Once the pictures are removed, return each record below exactly as written.

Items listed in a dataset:

◆ ◆ ◆ ◆

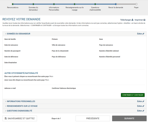 À la toute fin, on vous demandera de revérifier nom, prénom, numéro de passeport et date de naissance.
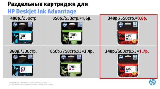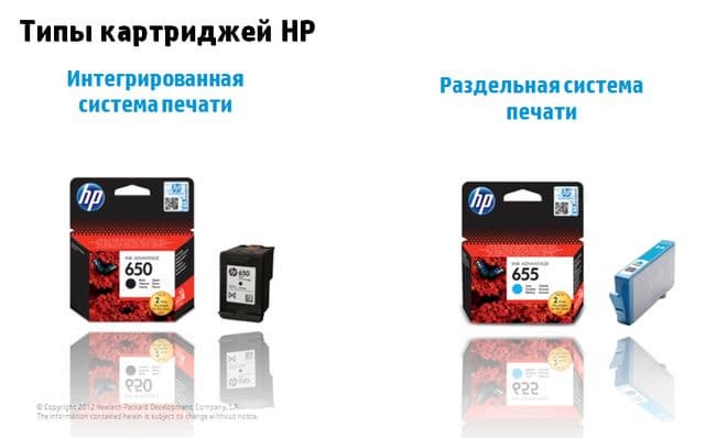 Картридж № 650 предназначен для младших моделей линейки и представляет собой интегрированную систему, т. е. все цветные чернила находятся в одном картридже. Старшие модели работают на картриджах № 655, где для каждого цвета печати используется отдельный картридж.
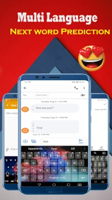 Different Emojis, themes, Emotion, fonts, and smiles are fused for you to write different text to someone special in the multi keyboard app. Multiple language keyboard app can be changed to the English Khmer 2020.
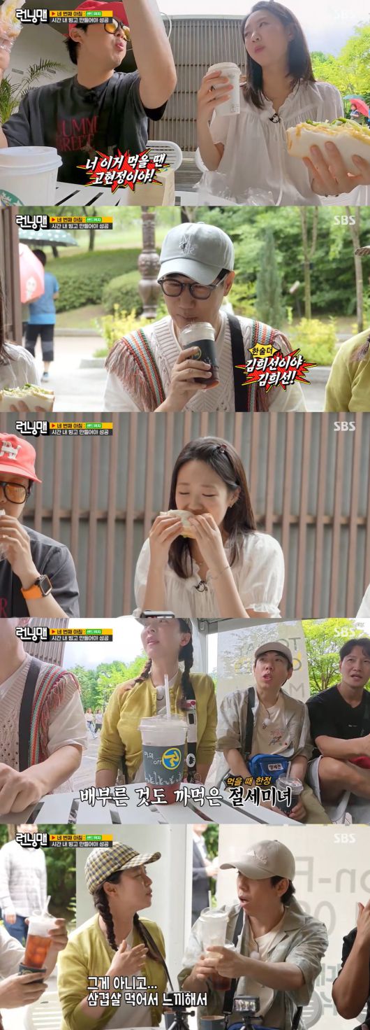 지석진 또한 "김희선이야 김희선"라며 지예은을 칭찬했고, 양세찬은 "진짜 잘 먹는다"라며 감탄했다. 이어 김종국은 "고소영이다. 고소영"이라며 또한번 지예은에 감탄했다.
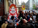"Ми знаємо вже кілька випадків з тим що росіяни маскують свої товари під українські. Є прецеденти з чаєм та наприклад "снікерсами"(шоколадні батончики — Gazeta.ua). Останні вироблені в російському Нижньому Новгороді, а продаються під штрих-кодами Великої Британії та України. Ми вважаємо своїм обов'язком попередити, що у ситуації, коли частина території нашої держави окупована росіянами, ми не маємо права допустити, щоб у нас продавались їх товари. Сюди прийшли, щоб закликати керівництво асоціації не присвоювати російським товарам українські штрих-коди", - Любов Галан, організатор перформенсу.
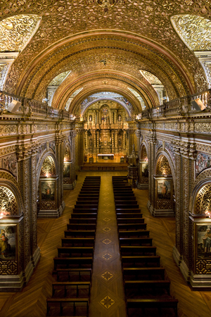The interior of La Compania Jesuit Church in Quito in Ecuador, South America. Much of the ornate sculpture is made from local volcanic pumice which has then been covered in gold leaf (supposedly 7 tons of it)

◆ ◆ ◆ ◆

■ **EXERCISE ANSWER**:
 À la toute fin, on vous demandera de revérifier nom, prénom, numéro de passeport et date de naissance.
 Картридж № 650 предназначен для младших моделей линейки и представляет собой интегрированную систему, т. е. все цветные чернила находятся в одном картридже. Старшие модели работают на картриджах № 655, где для каждого цвета печати используется отдельный картридж.
 Different Emojis, themes, Emotion, fonts, and smiles are fused for you to write different text to someone special in the multi keyboard app. Multiple language keyboard app can be changed to the English Khmer 2020.
 지석진 또한 "김희선이야 김희선"라며 지예은을 칭찬했고, 양세찬은 "진짜 잘 먹는다"라며 감탄했다. 이어 김종국은 "고소영이다. 고소영"이라며 또한번 지예은에 감탄했다.
"Ми знаємо вже кілька випадків з тим що росіяни маскують свої товари під українські. Є прецеденти з чаєм та наприклад "снікерсами"(шоколадні батончики — Gazeta.ua). Останні вироблені в російському Нижньому Новгороді, а продаються під штрих-кодами Великої Британії та України. Ми вважаємо своїм обов'язком попередити, що у ситуації, коли частина території нашої держави окупована росіянами, ми не маємо права допустити, щоб у нас продавались їх товари. Сюди прийшли, щоб закликати керівництво асоціації не присвоювати російським товарам українські штрих-коди", - Любов Галан, організатор перформенсу.
The interior of La Compania Jesuit Church in Quito in Ecuador, South America. Much of the ornate sculpture is made from local volcanic pumice which has then been covered in gold leaf (supposedly 7 tons of it)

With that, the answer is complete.